With the iconic Danish brick turning 60 this past weekend, here are the best Lego sets for dads.

Let’s stop pretending. Lego is for dads. It’s the perfect combination of our two favourite activities – taking on a project, and wallowing in nostalgia. Indeed, it was a sad day when I realised my five-year-old could follow the instructions on his own, which is pretty much why I bothered having a second child, so I could become lord and master of the instruction manual once again (but that’s a separate article for another day). In the meantime, here are eight of the best Lego sets for dads.

Will Ferrell was right: Lego is for dads.

Lego Batman Movie – Joker’s Manor

lego sets for dads

This one will set you back a few quid, but you can’t put a price on happiness (well, you can, I suppose – 250 notes in this case). The entire Lego Batman Movie range has been really good, from the reimagined Batcave to the Ultimate Batmobile – which was actually four Bat-vehicles in one. But this the best of the lot so far – a whacking great Joker funhouse with interactive features, a working roller coaster, and 10 mini-figures (including Batman in his, erm, disco suit).

£249.99 at Lego.com

Mining Heavy Driller

best lego sets for dads

That innate, built-in pleasure that many dads get from construction vehicles and heavy machinery is realised is miniature brick form. With this one you can drill the shit out of whatever rubbish your kids have made (usually half completed cities that bear no resemblance to actual cities in my kids’ case) and do all the drill noises yourself.

£39.99 at Lego.com

Death Star

This is – as any self-respecting man-child knows – the absolute pinnacle of geeky Lego sets. I got to have a little play with one – I mean a look, of course – at a fellow dad-friend’s house. I did consider stealing it, one piece at a time, then reconstructing at home, but that would mean visiting him 4,016 times. And I’m just not sure I like him enough for that.

£409.99 at Lego.com

Jungle Exploration Site

A few months back I saw this one made up in a display cabinet at Toys ‘R’ Us. I pushed my son aside to get a closer look, especially excited by the plane wreck, the “jungle is massive” aesthetic, and Little Shop of Horrors-style plants. These big sets from the City range better each year. In 2015 it was Deep Sea Exploration Vessel, then in 2016 the Volcano Exploration – both of which I got for Christmas.

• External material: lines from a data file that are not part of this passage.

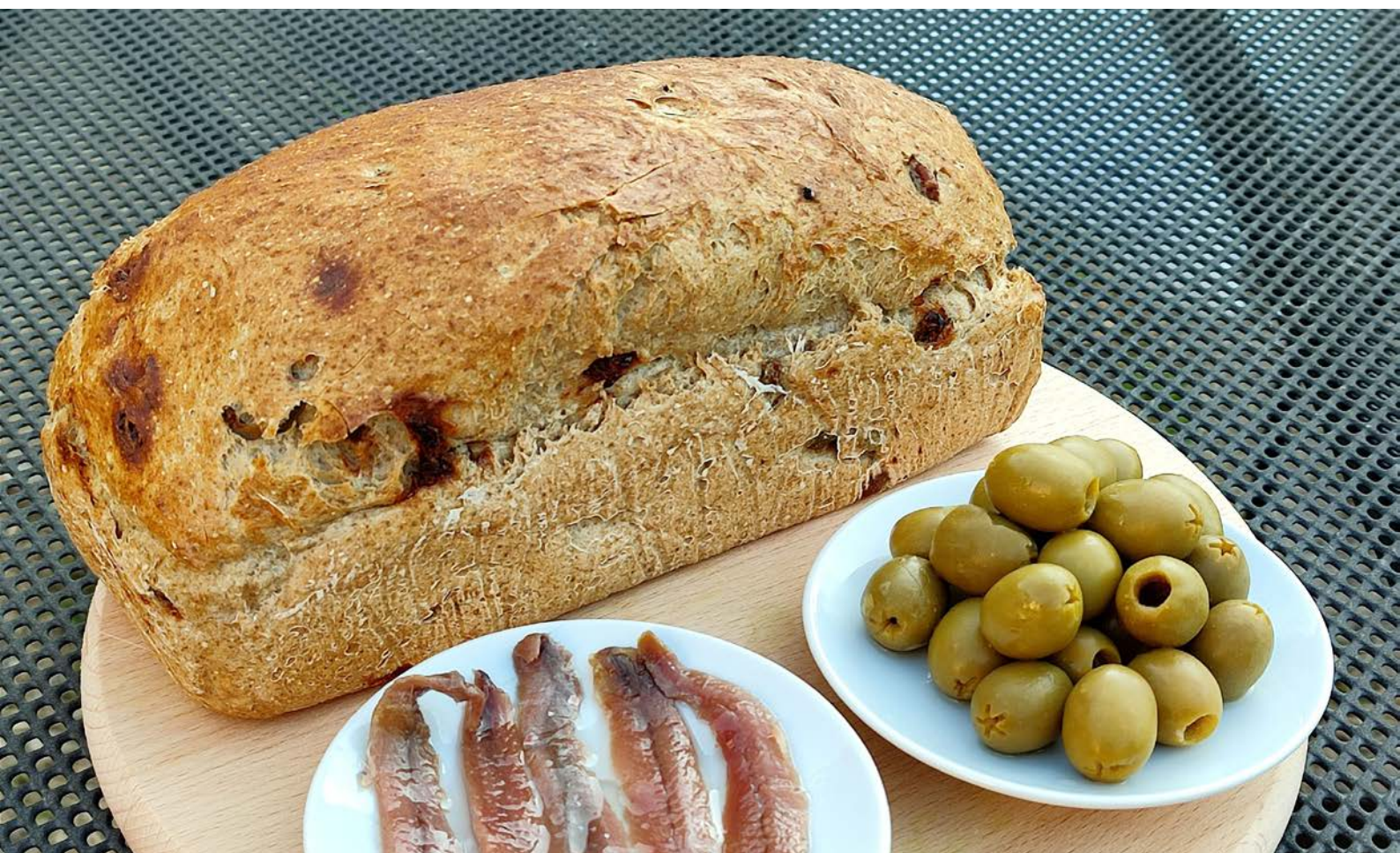
chléb pečený v klasické troubě ve formě, foto: Adveni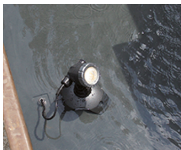
LED Spot 5W schwarz als Beleuchtung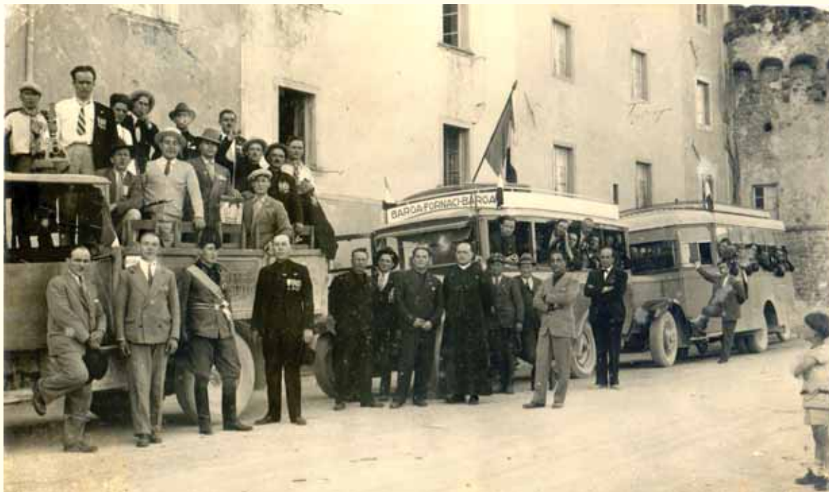
Castiglione di Garfagnana, 24 luglio 1931, anno IX Era Fascista.

Gita di un gruppo di combattenti e reduci del comune di Barga in posa nella Piazzola di Castiglione di Garfagnana. (Archivio Silvio Fioravanti)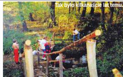
Tak było kilkanaście lat temu.

Nie jest już tajemnicą, że powiat ostrzeszowski osiągnął pierwsze miejsce w Wielkopolsce i dwunaste w kraju pod względem umieralności z powodu chorób układu krążenia. Starosta wreszcie zaczął mówić o potrzebie profilaktyki poprzez upowszechnianie zdrowego stylu życia, więc jest nadzieja, że zacznie coś robić. Może również dzięki środkom z Funduszy Norweskich w ramach Programu „Ograniczanie społecznych nierówności w zdrowiu”, o które powiat zabiega, ścieżka do „Głodnego Źródła” zostanie szybciej wybudowana.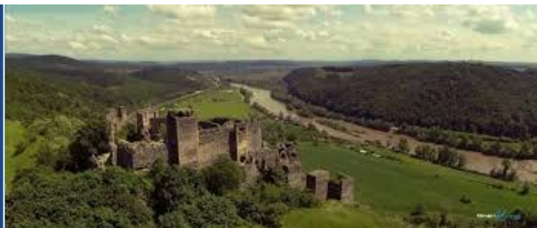
Cetatea Șoimoș, Lipova. Cetatea Șoimoș se află pe malul drept al Mureșului, vizavi de Lipova și deasupra satului cu același nume, pe un deal înalt de 252 metri. A fost construită după primele invazii ale tătarilor în zonă și este atestată documentar din anul 1278.

Transilvania, Mihai a început organizarea noului stat. Cărmuirea Transilvaniei, a cărei organizare de stat era deosebită față de cea din Țara Românească, presupunea o serioasă strategie adaptată realităților de aici, probleme pe care Mihai trebuia să le rezolve cât mai judicios și cu cât mai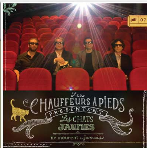
Les chats jaunes ne meurent jamais 2012

Yves Bernard, Le devoir, 11 janvier 2013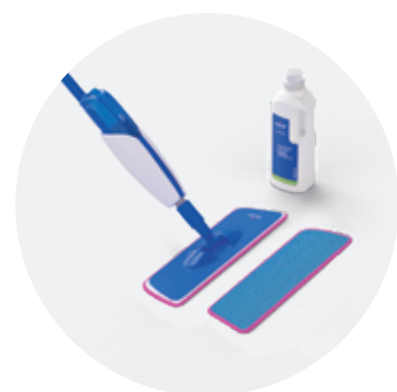
Комплект для догляду QSSPRAYKIT

Sorry, I got my son for Christmas. Upon seeing this new set in November, I immediately ensured he put it on his Crimbo list by employing some laughably basic reverse psychology (I mean, he’s cute, but there’s not happening between his ears).

£84.99 at Lego.com

Police Station

There’s no messing about with this. It’s proper old school Lego – cops, robbers, and a little helicopter that goes on the roof (not that many actual police stations have helicopters on the roof, but still, it looks good). These retro-style Lego sets have a powerful sense of nostalgia for me, along with fire stations, trains, planes, and all the other stuff I wished I had when I was kid. Except, I’m a grown up now, so I can buy the lot if I want to.

£84.99 at Lego.com

Ninjago City

As a geeky kid there’s little more exciting than a proper playset to go with your action figures – you know, the sort of thing you’d covet in the back the Littlewoods catalogue all year then finally get your hands at Christmas, only to lose all the accessories and break the moving pieces by Boxing Day. As a man of 34, very little has changed for me in that respect. This is the ultimate ninja-flavoured playset, with 16 mini-figures and three interactive levels. Plus, Ninjago’s crazy popular after the movie, so this will keep both dad AND kids happy. Though probably dad more – particularly if he hides it away to stop the little buggers from losing all the accessories and breaking the moving pieces.

£259.99 at Lego.com

Ghostbusters Firehouse HQ

There isn’t a single square centimetre from this 4,634-brick set that doesn’t make me almost ectoplasm myself. Like all movie-based Lego sets, the nooks and crannies are packed with geek-baiting easter eggs (including details from the criminally under-appreciated Ghostbusters 2). Indeed, I’ve spent many an afternoon salivating over this set outside the window of the Lego shop. Which is why they won’t let me in there anymore. The only problem is that, like most other sets in this list, it’s got a whopping price tag. The question is, could I really justify spending nearly £300 on Lego? The answer is, yes, as long as no one else found out about it.

£284.99 at Lego.com

Millenium Falcon

The holy grail of modern Lego sets for serious fanboys. The Millenium Falcon, the Han Solo and Chewbacca piloted space vehicle that we first saw in A New Hope, and the one that was resurrected in The Force Awakens and The Last Jedi, will be the best, erm, £650 you’ll ever spend on a “toy”. It’s 7,541 pieces of awesome, with six mini-figures, including Rey, Finn, Han Solo, Chewbacca, Leia, C-3PO, R2-D2, and BB-8 Astromech Droid – plus a couple of Porgs and a Mynock. But it’s the incredible, nerd-tastic detail that will have Star Wars nuts creaming their Jedo robes, as only Lego is able to do.